Of course, we’re discussing here the licensing-business end of the equation. The virus can be bad news for us in other ways, too. Start with production. Gary Grant of The Entertainer is one of a number of business owners I’ve heard on talk radio being asked about supplies from China. Gary is a natural target for comments given China’s importance as a production centre for the toy trade. Gary educated his interviewer about the shape of the toy business in that the busy period for production and shipping is still some months away.

But those months will get eaten up, and other Asian countries are already affected. Are licensors going to give licensees a minimum guarantee break if they simply can’t manufacture for a prolonged period?  Even if you can manufacture and ship, will there be any customers in the shops? During my week in Hong Kong, retail business was already feeling the pinch from lower footfall brought about because of the pro-democracy demonstrations, so dependent are they on visitors from the mainland. Now I read that footfall in the city is down by more than 70%. If you are a retailer of luxury branded goods – many of them produced under licence, of course – you won’t be filling up your suppliers’ order books any time soon.

Then again, we don’t have to look as far away as Hong Kong.

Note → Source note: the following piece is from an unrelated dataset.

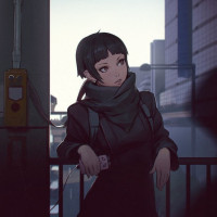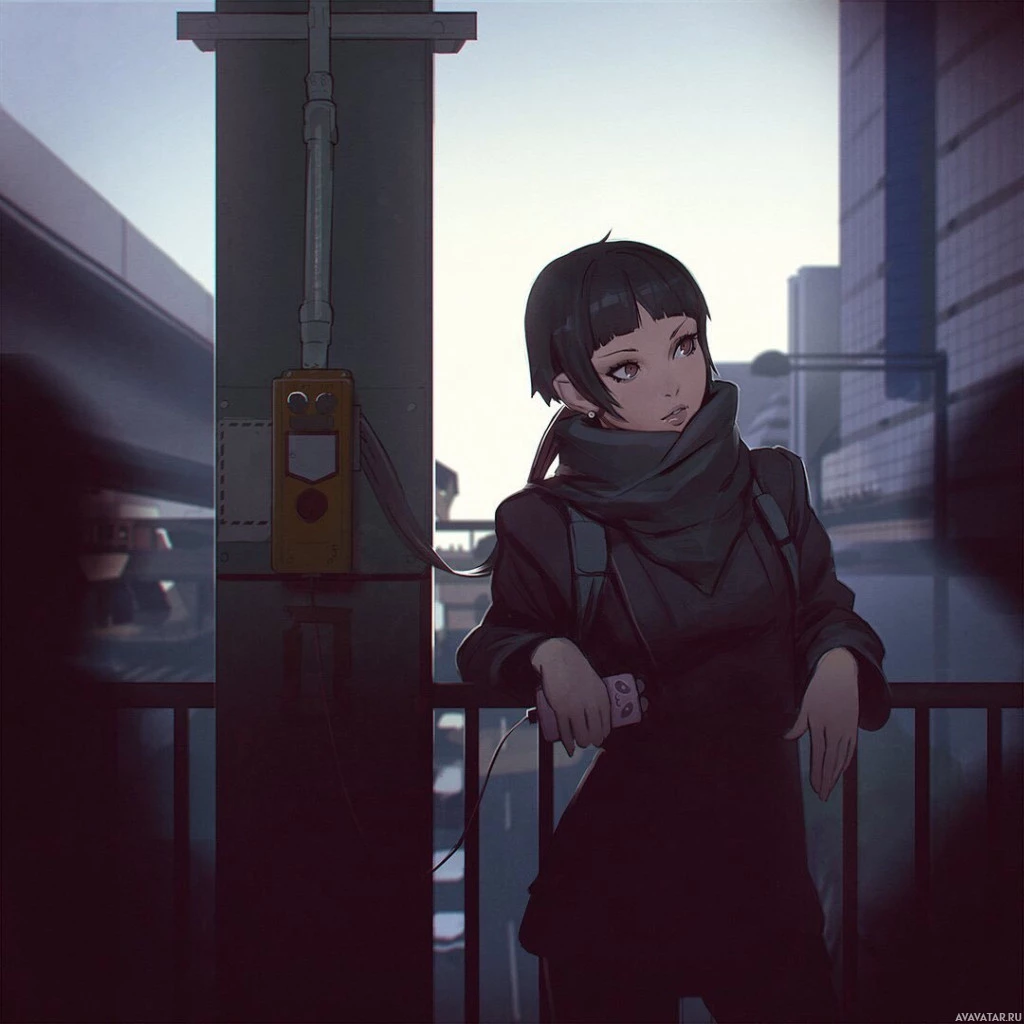 short hair and a backpack, sitting on a rail near what appears to be a subway or metro station. She has earbuds plugged into her ears and is looking off to the side. There's

I wonder how they are getting on at Bicester Outlet Village? This is a prime tourist destination, seen as a ‘must do’ day out for literally tens of thousands of Chinese visitors to London each year. Another place chock full of licensed brands. It can’t be great.

They are even discussing the Tokyo Olympics in this context: pity the poor Olympic Games licensees if the worst were to happen and that gets postponed. Nervous times indeed.